2.1.2.1.4 Treatment of puncutuation found in the manuscript text
‘{ }’ are used in combination with other characters to delimit other material. { } alone are used to enclose the encoding of punctuation and features of the layout of the manuscript text. {\} records the end of a line; {\\} the end of a text or of a paragraph. In the LAEME texts three main marks of punctuation are generally met: ’.’ punctus, punctus elevatus and ‘/’ virgula. A punctus is recorded as {.}, a punctus elevatus as {,‘} and a virgula as {,}. See further Introduction, Chapter 3, § 3.5.1 - 2. The recording of the punctuation marks is simply to note their presence. No attempt is made to interpret their significance within the text, e.g. whether a point may mark the end of, or a pause in, a phrase or sentence or whether used to demarcate roman numerals. Importantly, no modern punctuation has been added to the transcribed texts.

2.1.2.1.5 Comment and Annotation: the uses of { } with other characters

See further Introduction, Chapter 3, §§ 3.5.6 - 8 and 3.6.

2.1.2.1.6 Deletions and insertions made by scribes In manuscript texts, words or letters may sometimes be scored through or may be inserted between lines or in a margin. The former are here termed ‘deletions’, the latter ‘insertions’. Scribal deletions are transcribed (where legible). Where a deleted word is incomplete, perhaps because the scribe has miswritten and immediately realized the error before completing the the word, the letters written are still transcribed. For the treatment of insertions and deletions in the LAEME CTT, see Introduction, Chapter 3, § 3.5.4.

2.1.2.2 Text Dictionaries
A Text Dictionary is derived from a tagged text. It lists alphanumerically by tag all the lexico-grammatically tagged material in a Tagged Text, followed by all the forms which attest the information in the tag. After each form is given the number of times the form associated with the tag is attested in the text. Text Dictionaries contain the header and any text words flagged with $ in the Tagged Text; they do not contain place-names or personal names, comments or annotations, nor any material flagged by ! in the Tagged Text.

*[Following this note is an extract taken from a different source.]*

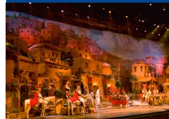
THE MIRACLE OF CHRISTMAS Show at the Sight & Sound® Theatre

A Text Dictionary is similar to a ‘Linguistic Profile’ in LALME (or eLALME). The principal difference is that it contains a full listing of the linguistic material in the text (aside from the exclusions just noted), where a LALME LP is based on a predetermined set of items.

3. Tag Dictionary

The Tag Dictionary lists all the material in the tagged texts with tags as the head words. Each tag is followed by a list of the forms which have been assigned to that tag. Sections of the tag dictionary can be created by tag category, following the instructions in the |Task Key|.

3.1 Frequency Counts

There are two formats in which to view the Tag Dictionary: (a) basic listing of tags and forms and (b) a listing in which each form is followed by a count of the number of times it is attested in the corpus associated with the tag and also of the number of texts in the CTT it appears in. So a listing of type (a) has the format:

keep/vi IKEPEN KEPAN KEPE KEPEN KEPIN

and a listing of type (b) has the format

keep/vi IKEPEN 1 1 KEPAN 2 1 KEPE 5 4 KEPEN 2 2 KEPIN 1 1

where the first number after the form is the frequency of attestation and the second number is the number texts in which the form appears associated with the tag - in the example keep/vi.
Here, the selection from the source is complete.